# Silkie bleeding from cloaca



## Feline (Nov 8, 2015)

Hi all,
I'm wanting to pick all the experienced chicken-keeping brains you lovely people have here 

My white silkie "Big Bird" has had a bit of diarrhoea over the last week or so- but as she was active and lively and eating well I wasn't too concerned (plus was working too many hours to give her my full attention  ).

Today we noticed a couple of the larger ex-commercial hybrids having a bit of a peck at her rear, and saw a bit of blood. She was also in a bit of a mess on her rear end so we brought her in and I've given her a bum-bath. She's currently in a dog crate on clean paper until she's fully dried- but I'm tempted to keep her in for a day or 2 while I work out what to do next with her.

There appears to be a small tear at the edge of her cloaca (we think she laid an egg this morning because there was a silkie egg with blood streaks on it). But what I don't know is if this was caused by someone pecking at her- or if they were only pecking her because of the blood.

I could send away some faeces for analysis but the diagnostic labs are mostly shut down over xmas and the post won't get there for days- so I probably need to presumptively treat her. She was wormed with flubendazole less that a month ago.

Stuff I have here I could use are:
Purple spray with aloe vera.
Anti-peck spray (if I put her back out with the others I will use this).
Antibiotics (oral Baytril (enrofloxacin, also have injectable).
Amprolium for coccidiosis.
Some live probiotic stuff in my fridge (I would give this after any antibiotics).
Ivermectin spot on.
Fenbendazole liquid wormer.

What would you all recommend in this situation? Should I keep her indoors once she's dried or treat the area and put her back out?


----------



## nannypattyrn (Aug 23, 2015)

IMO, and that's all, I would keep her inside or at least away from the others until she heals a few days.


----------



## Feline (Nov 8, 2015)

I am feeling inclined to do this- if nothing else it will keep her safe from being cannibalised to death!

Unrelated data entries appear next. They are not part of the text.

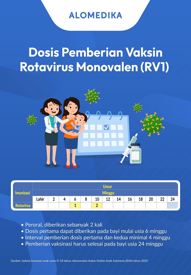 Untuk vaksin RV1, vaksin diberikan 2 kali dengan jarak 4 minggu antar dosis. Dosis yang diberikan adalah 1 mL. Jadwal pemberian yang dianjurkan adalah saat usia 2 bulan dan 4 bulan. Usia minimal pemberian adalah 6 minggu dan usia maksimal pemberian adalah 24 minggu.[2,4,9,21]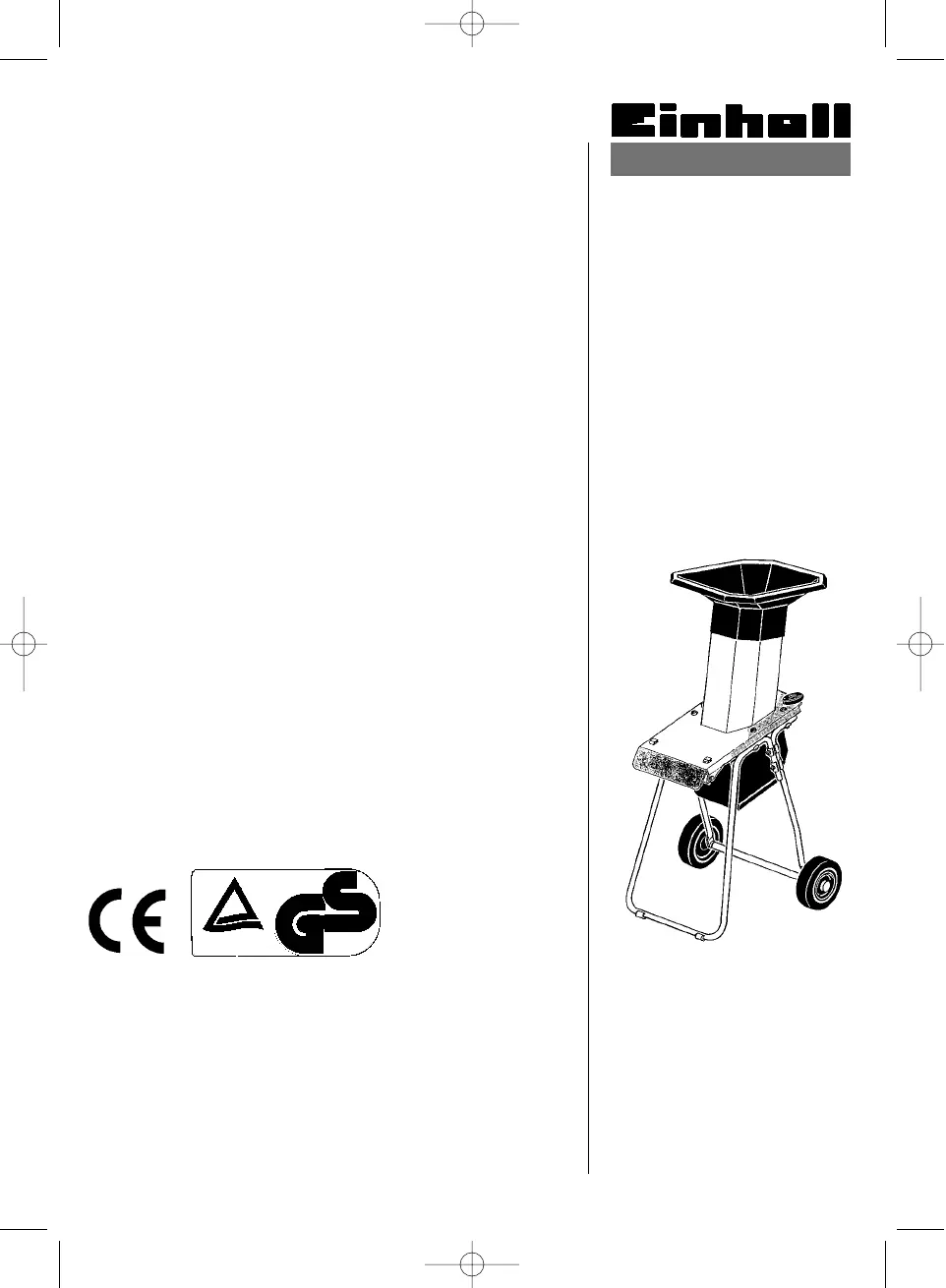 Hier is de Einhell ECH 2200-F Silent (Hakselaar) gebruikershandleiding. 32 pagina's in taal met een gewicht van 3,463,890.0 Mb. Als u geen antwoorden op uw probleem kunt vinden Vraag het onze community.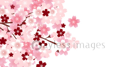 綺麗かわいい桜のイラスト素材 コピースペース 横長 透過png 白背景 春素材 背景のイラスト素材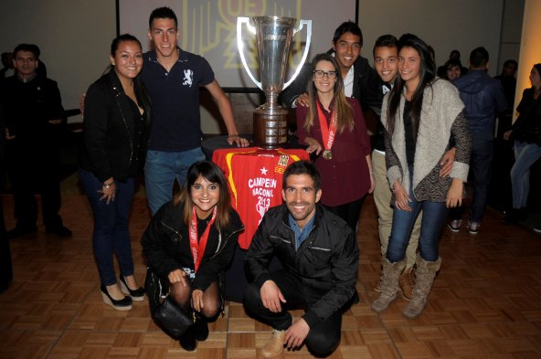 El plantel, cuerpo técnico y dirigentes de Unión Española celebraron en el Hotel Intercontinental el título del Campeona 2013, mientras los hinchas lo hicieron en Plaza Italia.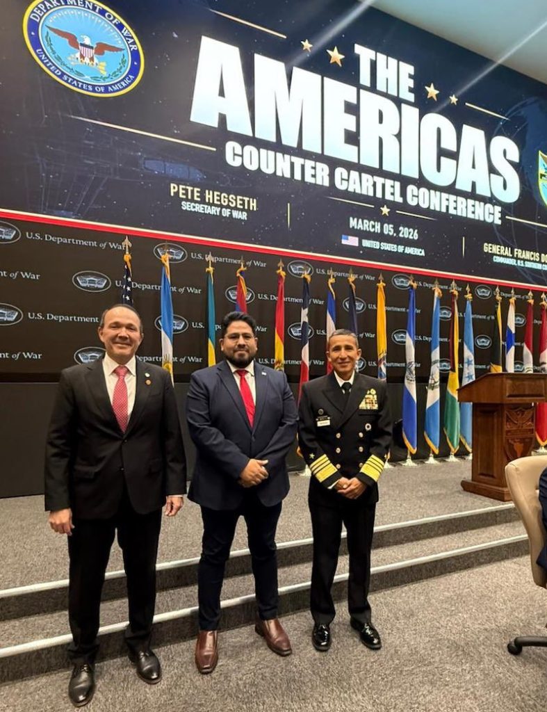 El ministro de Justicia y Seguridad Pública, Gustavo Villatoro, y el ministro de la Defensa Nacional, René Francis Merino Monroy, participan en la conferencia regional “América Contra los Cárteles”, que se desarrolla en la sede del Comando Sur de Estados Unidos, en Florida, Miami, Estados Unidos, informó el Ministerio de Seguridad a través de X.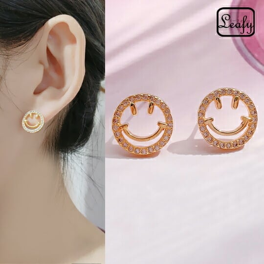 Leafy明るい印象を与える スマイルピアス にこちゃん にっこりとほほ笑む表情が愛らしくてみているだけ幸せな気分になれそう 輝きの良い CZダイヤモンドをパヴェセッティングした幸運のスマイリーピアス プレゼント オンオフ問わず sr01429y 母の日

Here is Big Bird in happier times last summer:


----------



## nannypattyrn (Aug 23, 2015)

Wow, she's beautiful! !


----------



## robin416 (Sep 8, 2013)

Same here, keep her up. Once she's dry you will probably be able to assess better what is going on. I've never heard of one tearing externally from laying an egg so that's a first for me. 

BTW, she looks like she's got some US genetics there. And maybe the splash in the background. She's got a lot of fluff going on that those in Europe have pointed out when comparing the two countries.


----------



## Feline (Nov 8, 2015)

I might try and get a photo of her rear when she's awake again (it's 6pm and dark here now so she's gone to sleep).
Unfortunately because she has dark blue skin it's a bit hard to see what's going on!

She has passed 3 fairly firm poos in the cage so doesn't seem to have diarrhoea currently after all- maybe what I though was diarrhoea was dried blood??

She has a nice beard as well as a big pom pom, whereas Elmo my lilac splash and Gonzo my cuckoo don't have so much beard. I would be gutted to lose Big Bird- she's a lovely chicken.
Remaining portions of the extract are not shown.